# Help me to show $\int_1^\infty \frac{1}{x+x^3}dx = \frac{\ln 2}{2}$?

I have this exercise, and I get the right result. But while I think the first part is ok, the second part is from a formal stand point pretty hairy. So here the first part (I left some step out, but they should be for the most of you obvious):

$$\int_1^\infty \frac{1}{x+x^3} \,dx = \int_1^\infty \frac{1}{x(1+x^2)} \,dx= \int_1^\infty \frac{1}{x}-\frac{x}{(1+x^2)} \,dx= \left[\ln(x)\right]_1^\infty - \left[\frac{1}{2} ln(1+u)\right]_1^\infty$$

In the following second part, at least when I start to do arithmetic manipulation with $\infty$, it's not formal anymore.

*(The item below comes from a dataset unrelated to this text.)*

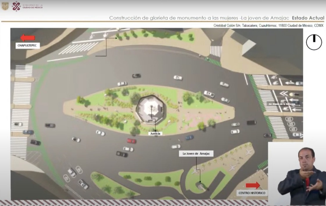 De hecho, mostró una imagen del proyecto, en la cual se puede ver que la figura de la mujer indígena se colocará a un costado de la Glorieta de las mujeres que luchan. Además, aseguró que se tomó esta decisión para evitar cualquier confrontación con las activistas.

$$\left[\ln(x)\right]_1^\infty - \left[\frac{1}{2} ln(1-u)\right]_1^\infty = \ln(\infty)-ln(1)-\frac{1}{2} \ln(1-\infty)+\frac{1}{2}\ln(2) = \infty -\frac{1}{2} \infty +\frac{1}{2}\ln(2) = \frac{\ln 2}{2}$$

So it would be great if someone could show me a formal way to solve this integral.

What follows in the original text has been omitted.